Comparison of in Vitro and in Vivo Activities Associated with the G6pd Allozyme Polymorphism in Drosophila Melanogaster

W F Eanes 1, L Katona 1, M Longtine 1
PMCID: PMC1204110  PMID: 2168852

Abstract

Earlier studies of the A and B allozymes at the G6pd locus show a differential ability of the genotypes to suppress the loss of viability associated with a low activity 6-phosphogluconate dehydrogenase mutation, 6Pgd(lo 1). This observation indicates a relatively lower activity for the A allozyme genotype, but it is not known if this level of suppression required a large difference in in vivo activity. To clarify this difference an analysis of the biochemical properties of the purified allozymes was carried out, as well as an analysis of the activity level associated with an original low activity P element-derived allele which had partially reverted and lost its suppression ability. G6PD activity and protein level were studied in 47 X chromosome lines from North America.
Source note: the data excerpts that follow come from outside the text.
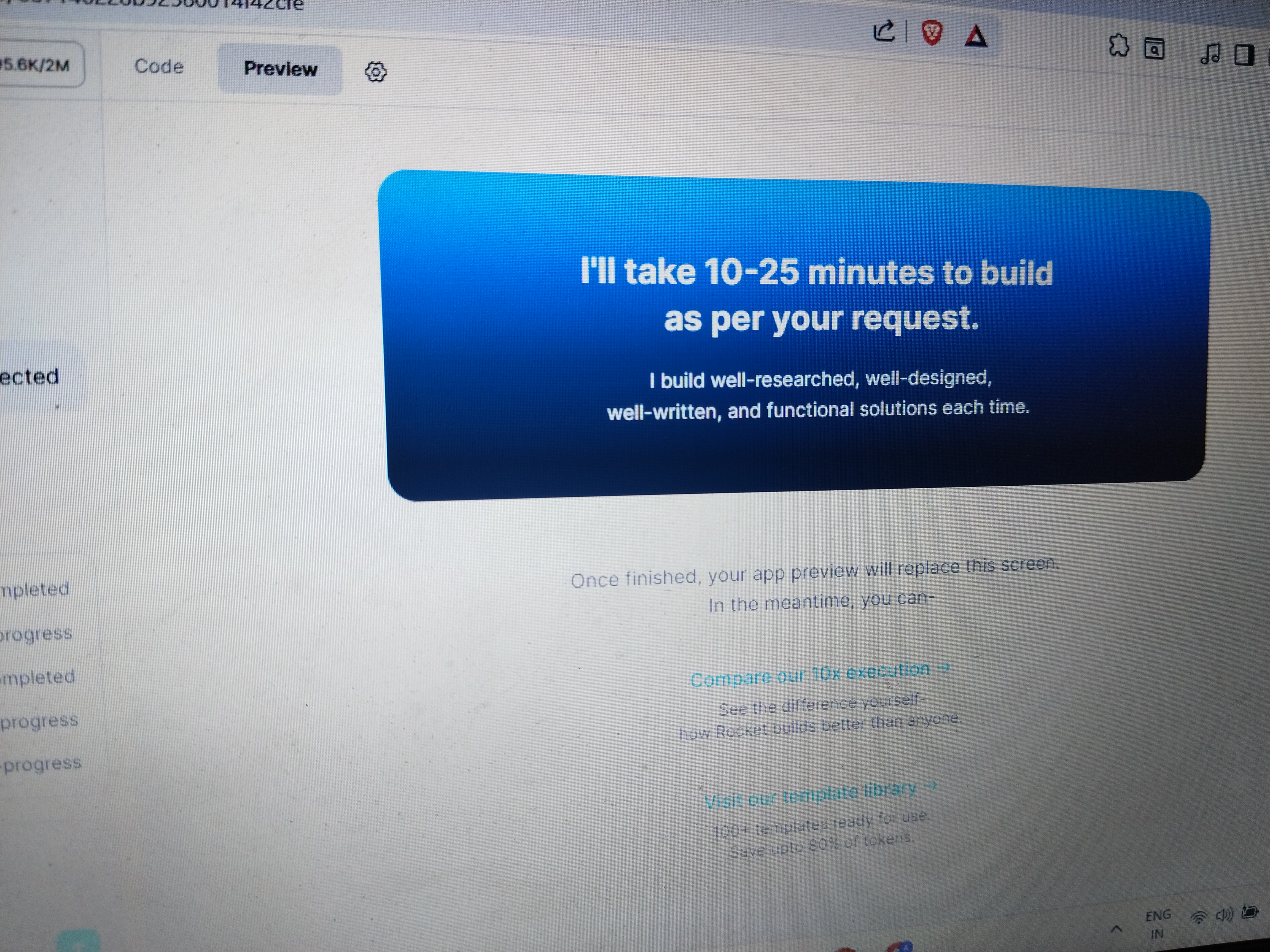 Tried rocket.new today. They must have some connection with Bolt ⚡ . The interface looks same 😕. But this wait period makes no sense. Is someone writing code in background 😮? Maybe they are also using Bolt? 🙃
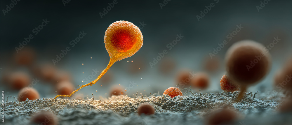 germinating clostridium perfringens endospore in macro 3d microscopic illustration #1945896354
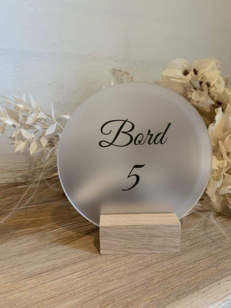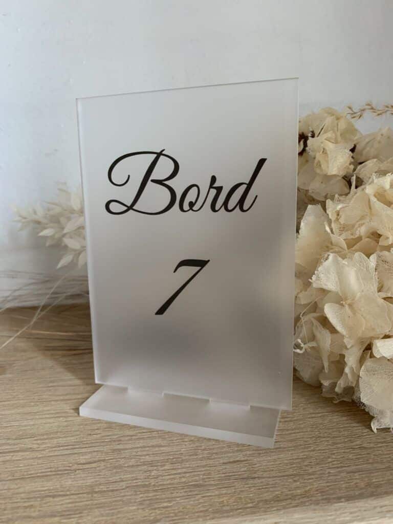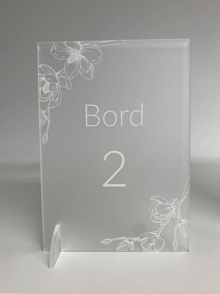 - Frosted akryl: Frosted akryl giver en blødere og mere subtil effekt, som kan være ideel til mere romantiske eller intime begivenheder. Vi anbefaler at bruge farvet skrift for at sikre, at teksten skiller sig tydeligt ud.
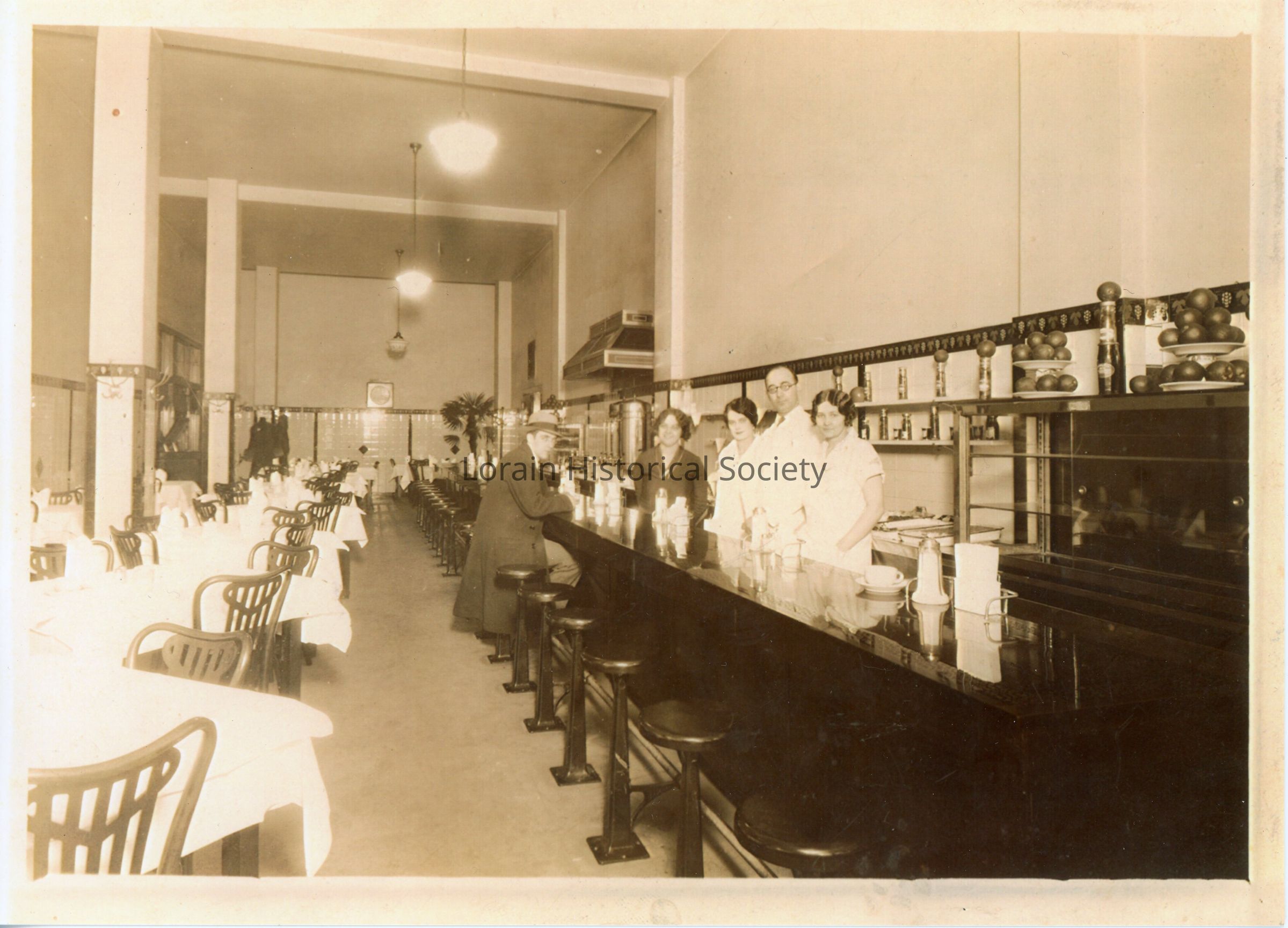A B&W photocopy of the restaurant in the Broadway Building. c. 1930. The two women in white are the donor's great aunts, Charlotte Rigo (L) and Margaret Rigo (R). The other two people in the photo are unidentified. They worked in the restaurant located in the 'Broadway Building' in 1930. The photo shows a lunch counter running the length of the room and on the opposite side, tables and chairs. One customer is sitting at the counter and the manager and three employees are standing behind the counter.Acquisition

The A genotype averages a 9% lower V(max). From analysis of the correlation between G6PD activity and protein level it remains unclear whether the allozyme V(max) difference results from dissimilarity in protein level or k(cat). At 25° and physiological pH, comparative studies of the steady-state kinetics show the two purified allozyme variants differ significantly in their K(M) values for glucose-6-phosphate and NADP, and the K(I) for NADPH. In aggregate these parameters predict the A genotype possesses a 20% lower in vitro catalytic efficiency. A partial revertant of a P element-derived low activity B variant, was shown to lose the ability to suppress 6Pgd(lo 1) low viability after acquiring only 60% of normal B activity. This last comparison shows the A genotype activity must be reduced in vivo by at least 40%.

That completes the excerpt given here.